- Theatrical release poster
- Directed by: Alex Kahuam
- Written by: Daniel Kuhlman
- Produced by: Alex Kahuam; Daniel Kuhlman; Roberta Sparta;
- Starring: Timothy Granaderos; London Thor; Doug Jones; Jenny O'Hara; Chris Mulkey;
- Cinematography: Diego Cacho
- Edited by: Alex Kahuam
- Music by: Alexander Taylor
- Production companies: Breakwall Pictures; Kahuam Films; Promotora NAE; Sparta Productions;
- Release date: June 3, 2026 (SXSW London);
- Running time: 90 minutes
- Country: United States
- Language: English

= The Remedy (film) =

The Remedy is a 2026 American psychological supernatural horror film directed by Alex Kahuam and written by Daniel Kuhlman.

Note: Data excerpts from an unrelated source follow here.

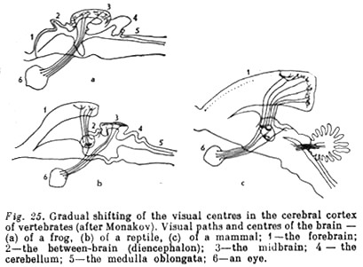 Vision, on the contrary, whose 'corticalisation' occurred initially with the reptiles, occupies a relatively ever greater place in the cortex (see Fig. 25). In birds the eyes become the main receptor (Fig. 24). Vision also plays the main role in many higher mammals.
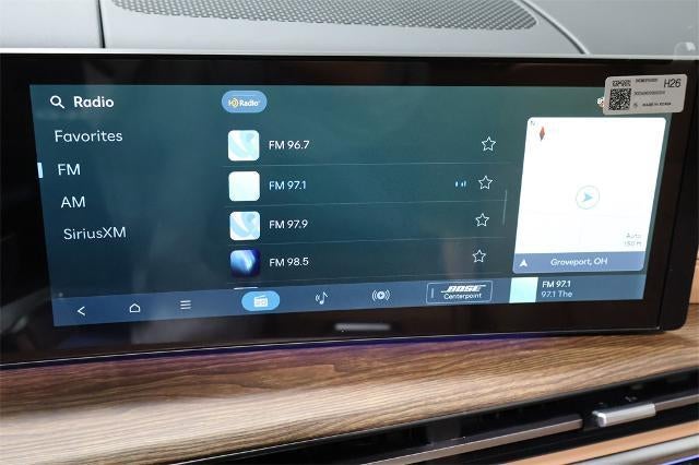 - Radio: AM/FM/HD Bose Premium Audio System -inc: 12 speakers including subwoofer, external amplifier, 12.3" wide touchscreen, Apple CarPlay and Android Auto, Bluetooth® hands-free w/wireless audio streaming, dynamic voice recognition, USB connectivity, SiriusXM, Blue Link+ connected car system, over-the-air updating capability, navigation system including traffic flow w/incident data via HD Radio (HERE) and rear seat quiet mode
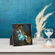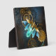 Steampunk glänzt mit blauen, transparenten Flügeln und grüner Glühbirne auf abgenutztem, braunem, strukturiertem Hintergrund. Steampunkstil.
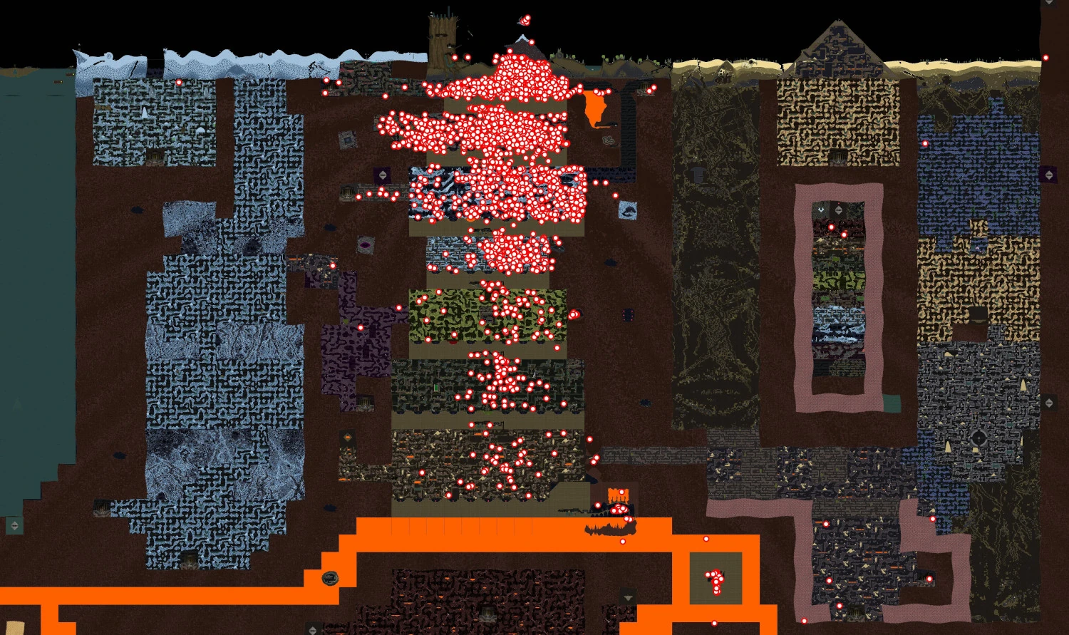 The World of Noita is separated into several Biomes which, at the center of the world can be grouped into several areas in rough succession of depth. At the end of each biome in the Main Path, there will be a Holy Mountain. Biome Modifiers may be applied to most of the main biomes at random, and some biomes like the Desert and Snowy Wasteland have fixed modifiers, or may be generated with a specific modifier by default unless another modifier replaces it. The Biomes are pseudorandomly generated via a combination of "Wang tiles" and "Pixel scenes". See World generation for details.
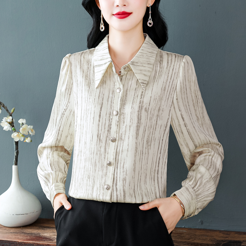 复古印花真丝衬衫女长袖2025秋装新款气质缎面衬衣洋气桑蚕丝上衣

The film premiered at the SXSW London on June 3, 2026.

==Premise==
A troubled young man is the caregiver for both his terminally-ill mother and his mentally-ill sister. When he makes a desperate attempt to save his mom, he unleashes a supernatural entity that feeds on human flesh.

==Cast==
- Timothy Granaderos as Jason
- London Thor as Rachel
- Doug Jones as Leif Johansen
- Jenny O'Hara as Maria
- Chris Mulkey as Uncle Joe

==Production==
Principal photography wrapped in January 2025, in Los Angeles, California on a psychological supernatural horror film directed by Alex Kahuam and written by Daniel Kuhlman. Timothy Granaderos, London Thor, Doug Jones, Jenny O'Hara, and Chris Mulkey rounded out the cast.

==Release==
The Remedy premiered at the SXSW London on June 3, 2026.